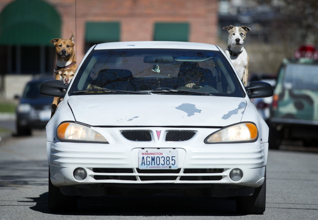 Misty Olson takes her three dogs for a drive around Brownes Addition, Wednesday, in Spokane. Olson says the dogs look forward to their daily drive, and she enjoys the social time they have together before she has to go work. (Colin Mulvany/SR photo)
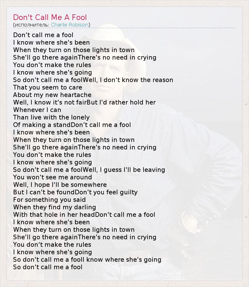 Don't call me a fool I know where she's been When they turn on those lights in town She'll go there againThere's no need in crying You don't make the rules I know where she's going So don't call me a foolWell, I don't know the reason That you seem to care About my new heartache Well, I know it's not fairBut I'd rather hold her Whenever I can Than live with the lonely Of making a standDon't call me a fool I know where she's been When they turn on those lights in town She'll go there againThere's no need in crying You don't make the rules I know where she's going So don't call me a foolWell, I guess I'll be leaving You won't see me around Well, I hope I'll be somewhere But I can't be foundDon't you feel guilty For something you said When they find my darling With that hole in her headDon't call me a fool I know where she's been When they turn on those lights in town She'll go there againThere's no need in crying You don't make the rules I know where she's going So don't call me a foolI know where she's going So don't call me a fool
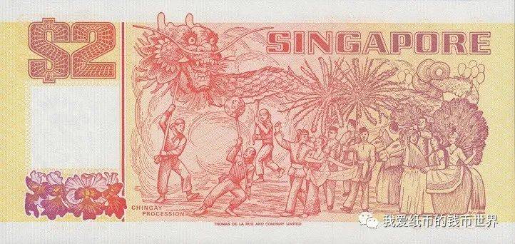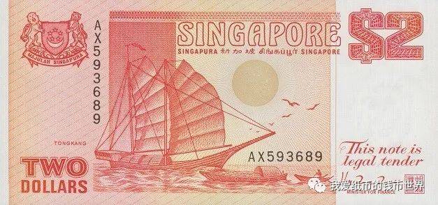 1991年版的2元券“紅帆船”,它的印制工藝明顯高于以後出現的“紫色版”2元。其正面設計簡潔明快,有一帆風順的含義,帆船正前方碩大、金燦燦的太陽(螢光下更精彩)格外醒目,背面展現了新加坡不同民族的人們歡度節日的熱烈場面,給人非常喜慶祥和的氣氛。2元券的設計依然有不統一的現象,本人猜測這一券別是最後設計並印刷的,它完全是作爲補充面值出現的。
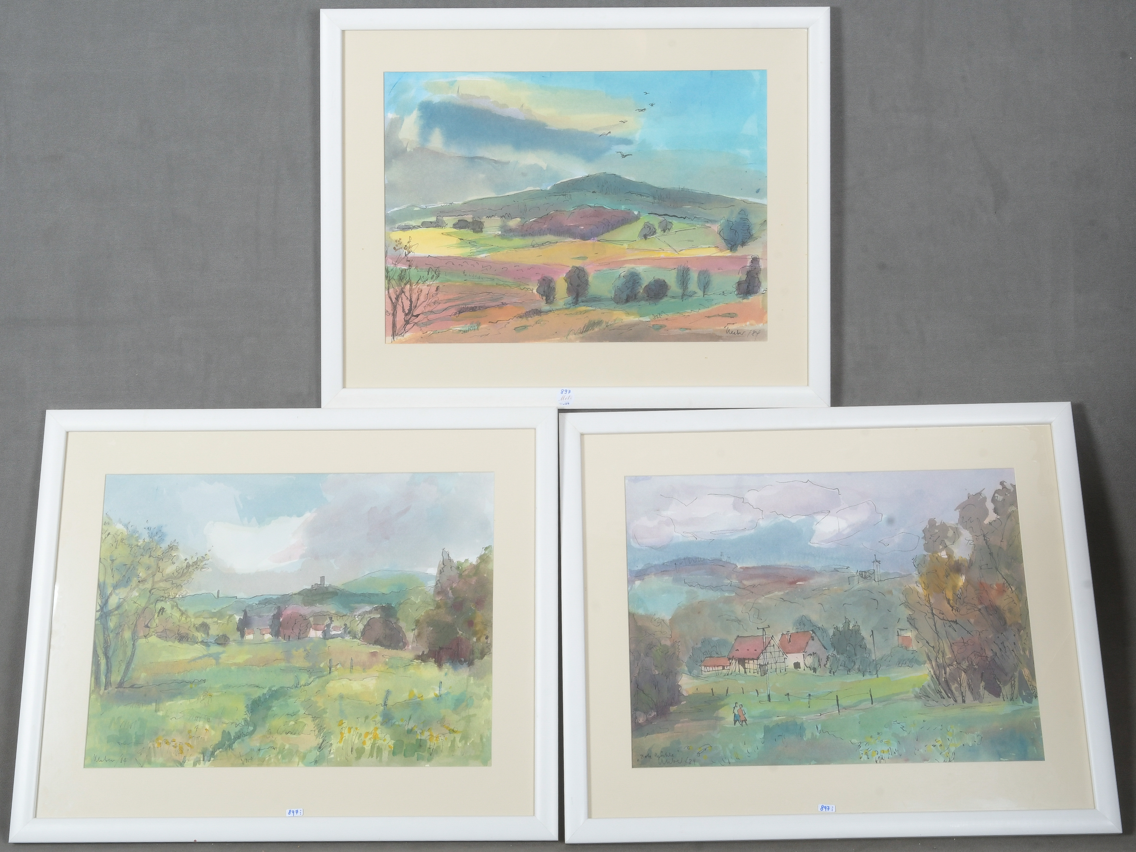 - Katalog-Nr: 897Horst Kleber (1921-1985). Landschaften mit Gebäude. Drei Aquarelle/Papier, li./u./sign./dat. 1984, mit Passepartout hi./Gl. gerahmt, 44,5 x 62,5 cm.o.L.
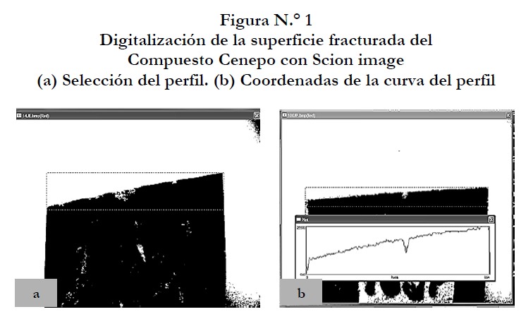Después se analizó la sección transversal fracturada de cada uno de los especímenes, empleando los programas: Paint, Scion Image (Scion Corporation, 2001), Benoit (Benoit, 1997) y @Risk (Palisade Corporation, 2002). Con Scion image, se evaluó la rugosidad de los perfiles después de ser convertidas en imágenes digitalizadas con formato de archivos BMP de Paint (figura N.° 1a) en archivos txt (figura N.° 1b).
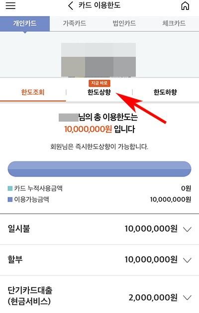 5. 그럼 이제 나의 한도 조회가 바로 됩니다. 여기에서 일시불,할부,단기카드대출의 한도를 확인 할 수 있습니다. 한도 상향을 위해서는 중간에 보이는 '지금 바로 한도사향' 을 눌러주세요.
+++
ASSIGNMENT ::
All pictures are to be skipped; the lines from the first line of the records through the line containing "- Katalog-Nr: 897Horst" are to be repeated exactly, both ends included.

COMPLETED EXERCISE ::
 Misty Olson takes her three dogs for a drive around Brownes Addition, Wednesday, in Spokane. Olson says the dogs look forward to their daily drive, and she enjoys the social time they have together before she has to go work. (Colin Mulvany/SR photo)
 Don't call me a fool I know where she's been When they turn on those lights in town She'll go there againThere's no need in crying You don't make the rules I know where she's going So don't call me a foolWell, I don't know the reason That you seem to care About my new heartache Well, I know it's not fairBut I'd rather hold her Whenever I can Than live with the lonely Of making a standDon't call me a fool I know where she's been When they turn on those lights in town She'll go there againThere's no need in crying You don't make the rules I know where she's going So don't call me a foolWell, I guess I'll be leaving You won't see me around Well, I hope I'll be somewhere But I can't be foundDon't you feel guilty For something you said When they find my darling With that hole in her headDon't call me a fool I know where she's been When they turn on those lights in town She'll go there againThere's no need in crying You don't make the rules I know where she's going So don't call me a foolI know where she's going So don't call me a fool
 1991年版的2元券“紅帆船”,它的印制工藝明顯高于以後出現的“紫色版”2元。其正面設計簡潔明快,有一帆風順的含義,帆船正前方碩大、金燦燦的太陽(螢光下更精彩)格外醒目,背面展現了新加坡不同民族的人們歡度節日的熱烈場面,給人非常喜慶祥和的氣氛。2元券的設計依然有不統一的現象,本人猜測這一券別是最後設計並印刷的,它完全是作爲補充面值出現的。
 - Katalog-Nr: 897Horst Kleber (1921-1985). Landschaften mit Gebäude. Drei Aquarelle/Papier, li./u./sign./dat. 1984, mit Passepartout hi./Gl. gerahmt, 44,5 x 62,5 cm.o.L.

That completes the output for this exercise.